En parallèle, nous conservons bien sûr la participation aux rencontres de l’AMRAE, qui permet aux étudiants de « réseauter », de trouver des missions en entreprise, d’assister à des présentations de haut niveau. Nous effectuons également des sorties sur le terrain (Raffinerie Total, chantier BTP, COGIC…). 

Laurent Dehouck : Un des aspects pratiques du MS tient en la réalisation des travaux collectifs sur des cas et mises en situation, qui nous permettent d’évaluer le chemin intellectuel et comportemental parcouru par  les stagiaires dans une véritable démarche professionnelle ; tout simplement leurs compétences acquises.

Les liens avec les entreprises sont naturellement très forts avec 75 % de nos intervenants qui sont des professionnels en poste, et qui permettent aux étudiants de bénéficier d’une vision de l’industrie des plus proches.

Enfin depuis sa création, le programme du mastère et l’évaluation des compétences des stagiaires s’inscrivent dans un processus d’amélioration continue soutenu par notre comité de perfectionnement, composé d’industriels et d’universitaires.

 

Avez-vous effectué des ajustements pour la promotion 2012/2013 ?

Marc Lassagne : Dans cette logique d’amélioration continue, nous avons reconfiguré cette année le module sur le risque financier.
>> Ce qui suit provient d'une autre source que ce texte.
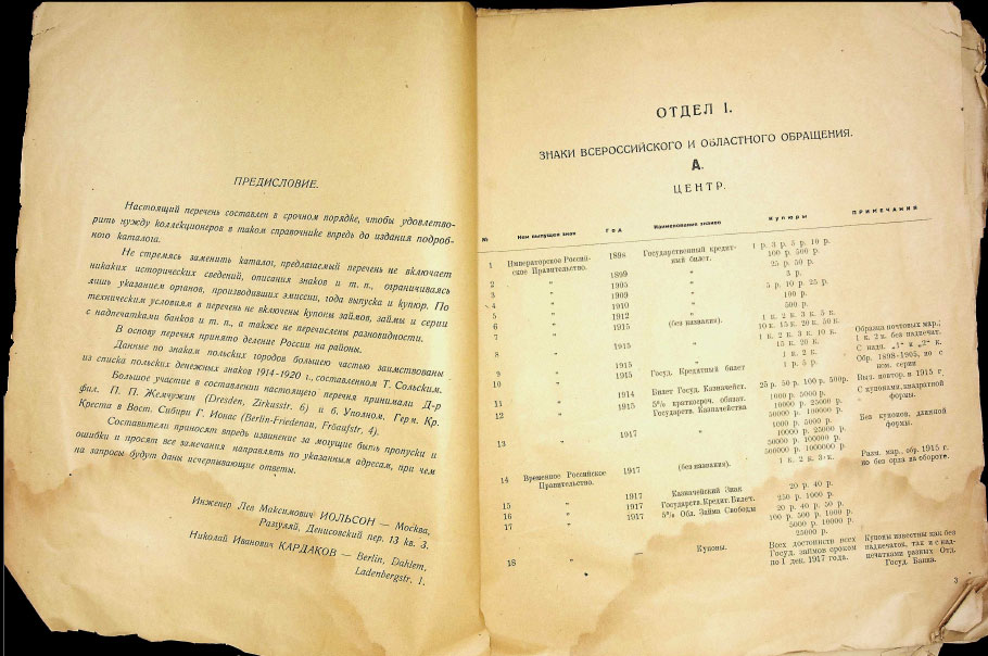 Книга Иольсон, Кардаков "Перечень денежных знаков выпущенных и курсировавших на территории Б. Российской империи в годы войны и революции (1914-1923)" 1923
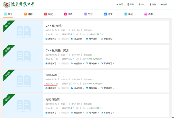 2、進(jìn)入課程學(xué)習(xí)之后, 選擇課件學(xué)習(xí)。

Nous cherchons aussi à mettre en place une évaluation encore plus précise des compétences en « risk management ». Cela se vérifie dans l’approche de savoirs avérés en gestion de projets, reporting et communication, évaluation du risque…

Laurent Dehouck : Les compétences acquises par les stagiaires sont, également, validées par les résultats de la thèse professionnelle qu’ils rédigent à l’occasion du stage de 4 à 6 mois qu’ils réalisent sous  la double direction d’un tuteur académique et d’un tuteur en entreprise.